▶ **STORED DATA**:
Segment Open
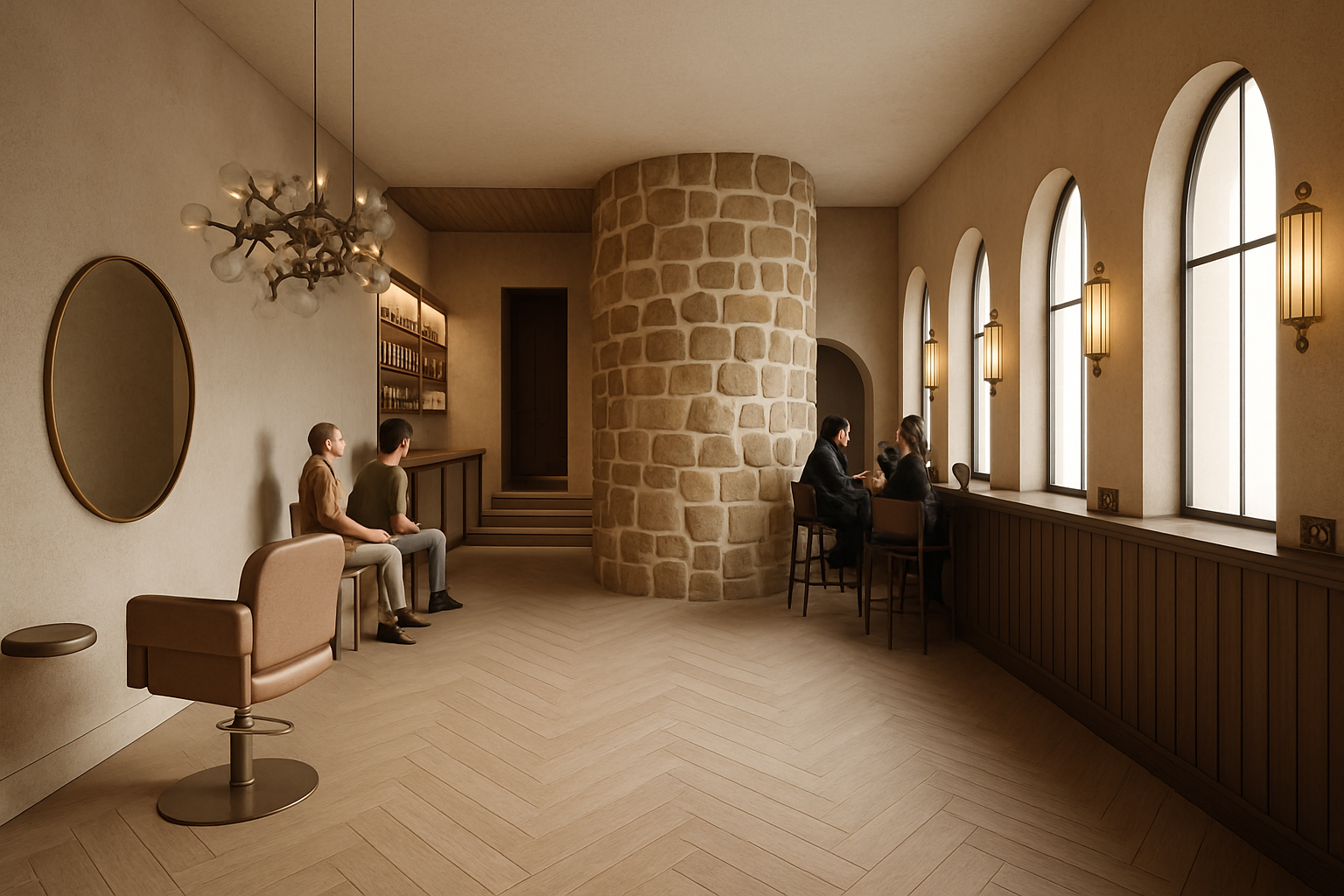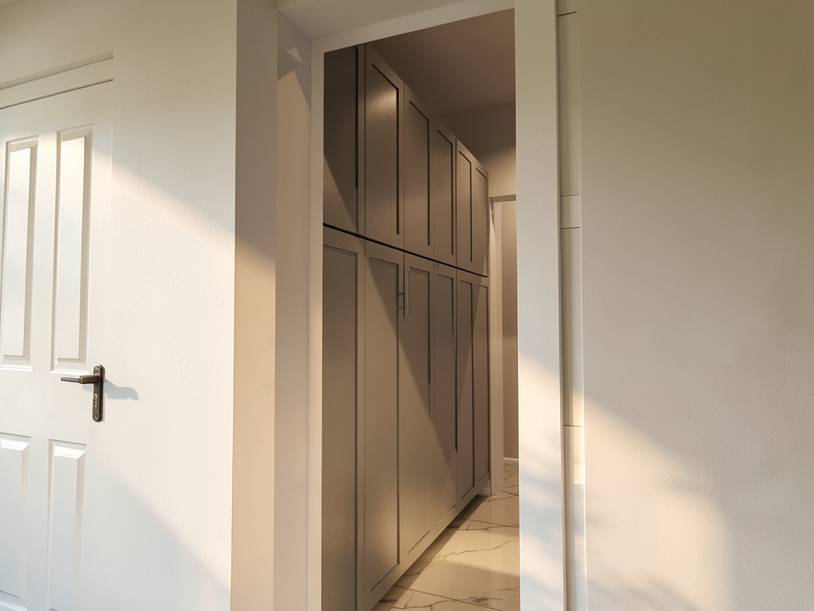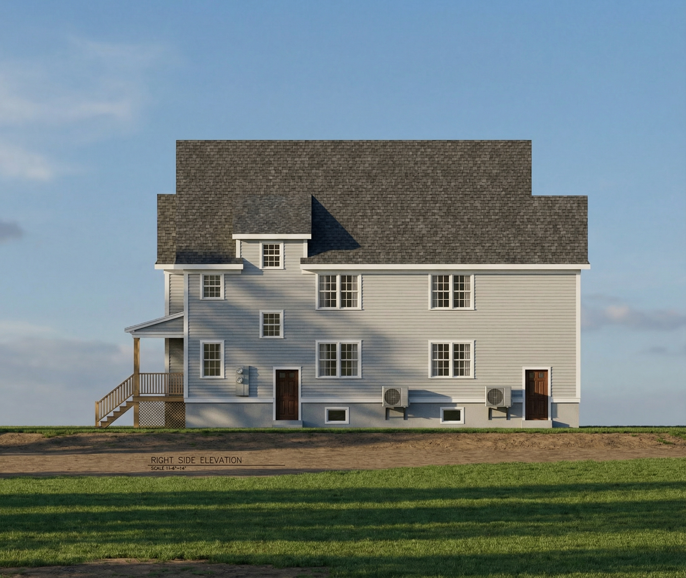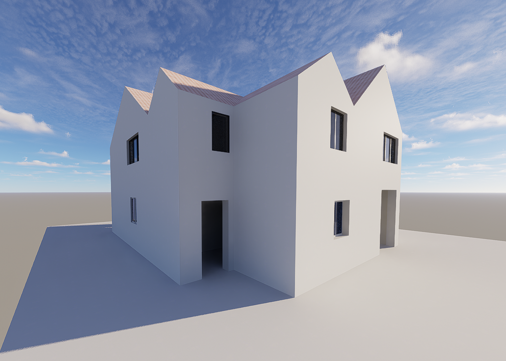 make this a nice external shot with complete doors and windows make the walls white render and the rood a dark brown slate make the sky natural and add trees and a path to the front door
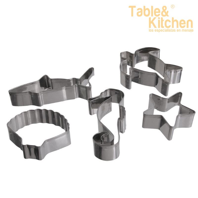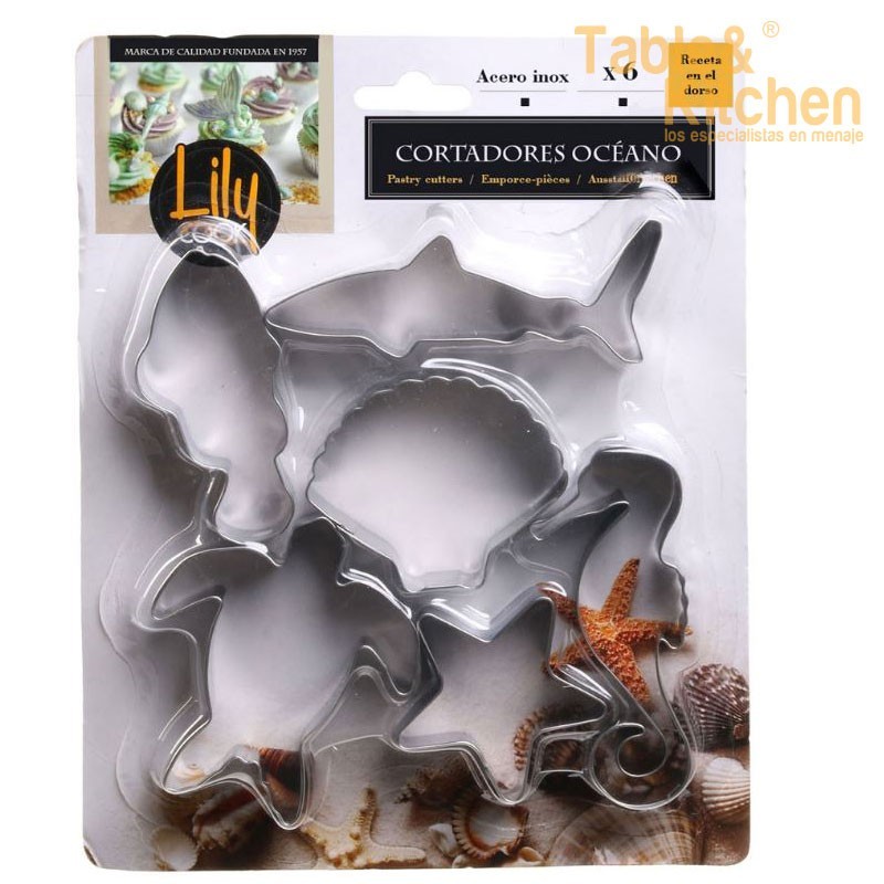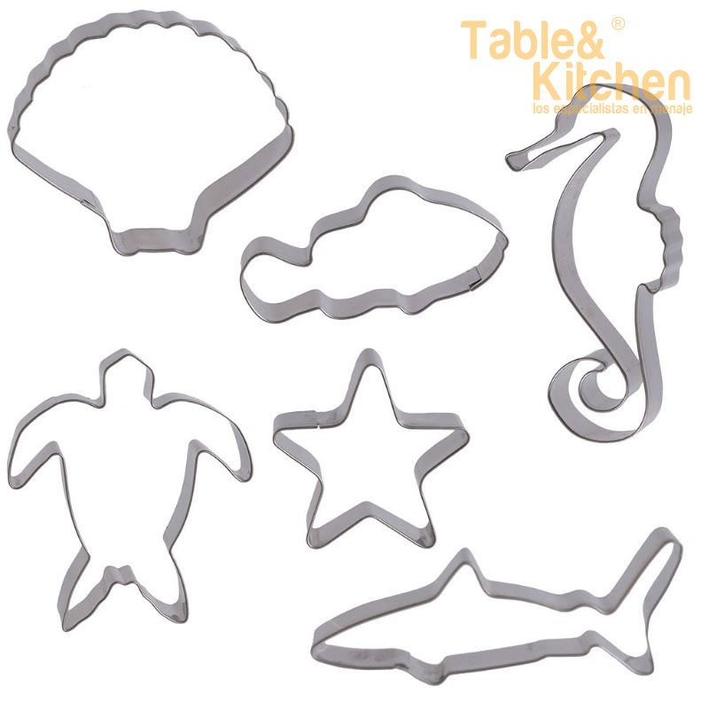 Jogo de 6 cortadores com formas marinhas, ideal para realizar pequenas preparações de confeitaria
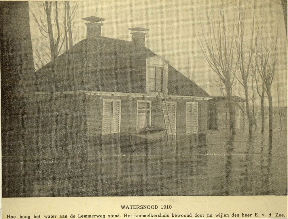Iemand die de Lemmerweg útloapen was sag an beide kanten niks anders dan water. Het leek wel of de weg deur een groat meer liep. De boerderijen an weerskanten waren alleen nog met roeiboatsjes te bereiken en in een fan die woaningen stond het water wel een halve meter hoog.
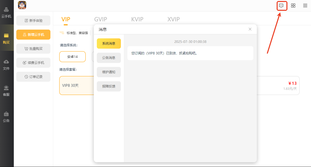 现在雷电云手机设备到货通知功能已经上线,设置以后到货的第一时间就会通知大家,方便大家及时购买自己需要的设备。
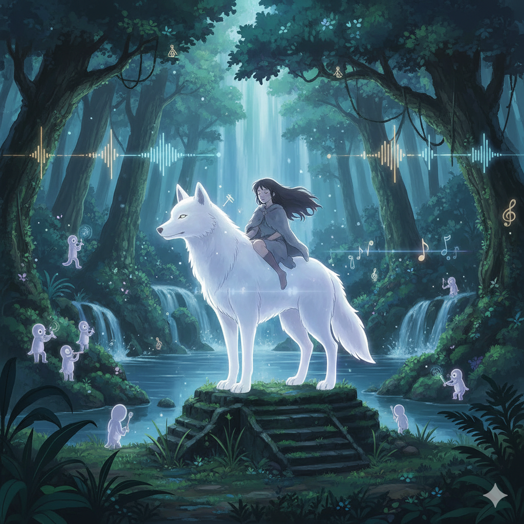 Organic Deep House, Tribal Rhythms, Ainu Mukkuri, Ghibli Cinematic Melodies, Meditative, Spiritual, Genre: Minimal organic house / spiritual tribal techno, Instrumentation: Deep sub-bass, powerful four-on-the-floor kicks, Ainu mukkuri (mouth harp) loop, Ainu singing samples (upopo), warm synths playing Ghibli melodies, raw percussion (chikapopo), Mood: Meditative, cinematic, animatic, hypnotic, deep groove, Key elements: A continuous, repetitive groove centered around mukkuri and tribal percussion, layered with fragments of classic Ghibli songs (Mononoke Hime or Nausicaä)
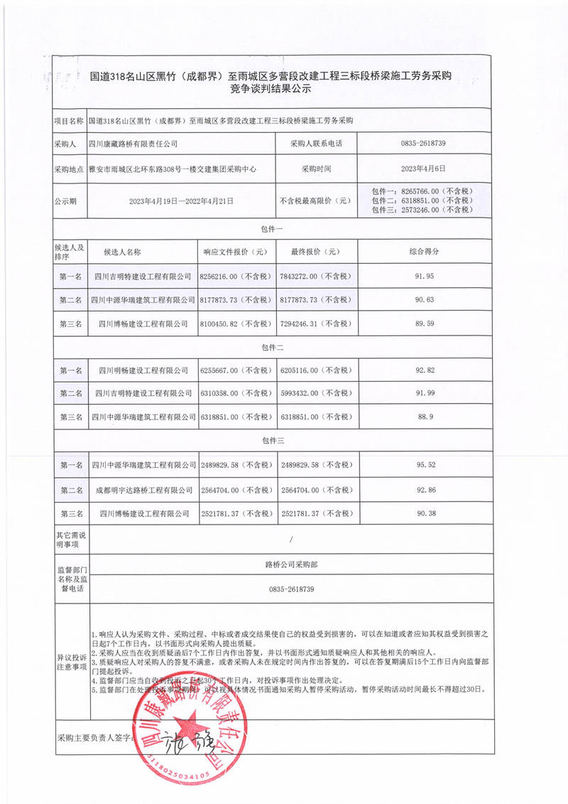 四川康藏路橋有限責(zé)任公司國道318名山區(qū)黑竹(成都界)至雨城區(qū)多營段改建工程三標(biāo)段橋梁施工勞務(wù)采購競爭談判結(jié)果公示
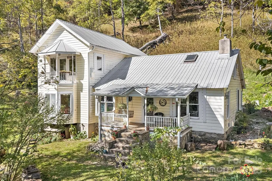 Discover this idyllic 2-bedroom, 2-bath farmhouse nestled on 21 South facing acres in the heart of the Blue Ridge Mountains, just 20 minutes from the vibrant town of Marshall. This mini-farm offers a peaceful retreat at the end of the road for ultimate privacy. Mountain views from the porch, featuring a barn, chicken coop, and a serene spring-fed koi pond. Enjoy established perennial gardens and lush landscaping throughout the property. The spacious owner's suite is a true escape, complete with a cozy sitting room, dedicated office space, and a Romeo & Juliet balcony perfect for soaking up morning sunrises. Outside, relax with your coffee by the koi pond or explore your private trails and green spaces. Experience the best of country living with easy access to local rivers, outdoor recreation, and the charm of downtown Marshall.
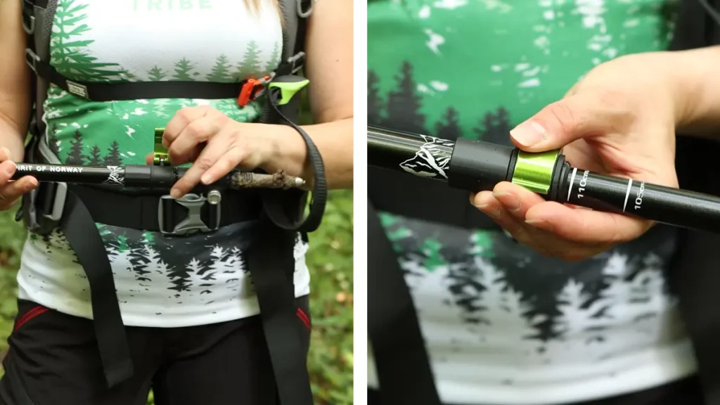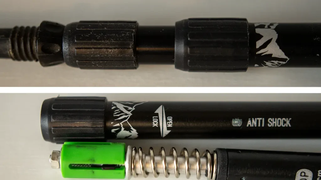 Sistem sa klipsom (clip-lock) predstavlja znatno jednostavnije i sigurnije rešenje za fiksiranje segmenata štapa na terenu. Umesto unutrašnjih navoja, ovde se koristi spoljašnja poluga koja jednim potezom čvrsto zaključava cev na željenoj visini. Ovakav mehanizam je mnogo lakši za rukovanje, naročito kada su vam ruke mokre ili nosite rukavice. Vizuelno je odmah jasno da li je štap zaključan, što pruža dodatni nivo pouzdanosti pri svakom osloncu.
Segment Closed
▶ **ACTIVITY**: Pictures aside, restate all of the entries exactly.

▶ **RESULT OF THE TASK**:
 make this a nice external shot with complete doors and windows make the walls white render and the rood a dark brown slate make the sky natural and add trees and a path to the front door
 Jogo de 6 cortadores com formas marinhas, ideal para realizar pequenas preparações de confeitaria
Iemand die de Lemmerweg útloapen was sag an beide kanten niks anders dan water. Het leek wel of de weg deur een groat meer liep. De boerderijen an weerskanten waren alleen nog met roeiboatsjes te bereiken en in een fan die woaningen stond het water wel een halve meter hoog.
 现在雷电云手机设备到货通知功能已经上线,设置以后到货的第一时间就会通知大家,方便大家及时购买自己需要的设备。
 Organic Deep House, Tribal Rhythms, Ainu Mukkuri, Ghibli Cinematic Melodies, Meditative, Spiritual, Genre: Minimal organic house / spiritual tribal techno, Instrumentation: Deep sub-bass, powerful four-on-the-floor kicks, Ainu mukkuri (mouth harp) loop, Ainu singing samples (upopo), warm synths playing Ghibli melodies, raw percussion (chikapopo), Mood: Meditative, cinematic, animatic, hypnotic, deep groove, Key elements: A continuous, repetitive groove centered around mukkuri and tribal percussion, layered with fragments of classic Ghibli songs (Mononoke Hime or Nausicaä)
 四川康藏路橋有限責(zé)任公司國道318名山區(qū)黑竹(成都界)至雨城區(qū)多營段改建工程三標(biāo)段橋梁施工勞務(wù)采購競爭談判結(jié)果公示
 Discover this idyllic 2-bedroom, 2-bath farmhouse nestled on 21 South facing acres in the heart of the Blue Ridge Mountains, just 20 minutes from the vibrant town of Marshall. This mini-farm offers a peaceful retreat at the end of the road for ultimate privacy. Mountain views from the porch, featuring a barn, chicken coop, and a serene spring-fed koi pond. Enjoy established perennial gardens and lush landscaping throughout the property. The spacious owner's suite is a true escape, complete with a cozy sitting room, dedicated office space, and a Romeo & Juliet balcony perfect for soaking up morning sunrises. Outside, relax with your coffee by the koi pond or explore your private trails and green spaces. Experience the best of country living with easy access to local rivers, outdoor recreation, and the charm of downtown Marshall.
 Sistem sa klipsom (clip-lock) predstavlja znatno jednostavnije i sigurnije rešenje za fiksiranje segmenata štapa na terenu. Umesto unutrašnjih navoja, ovde se koristi spoljašnja poluga koja jednim potezom čvrsto zaključava cev na željenoj visini. Ovakav mehanizam je mnogo lakši za rukovanje, naročito kada su vam ruke mokre ili nosite rukavice. Vizuelno je odmah jasno da li je štap zaključan, što pruža dodatni nivo pouzdanosti pri svakom osloncu.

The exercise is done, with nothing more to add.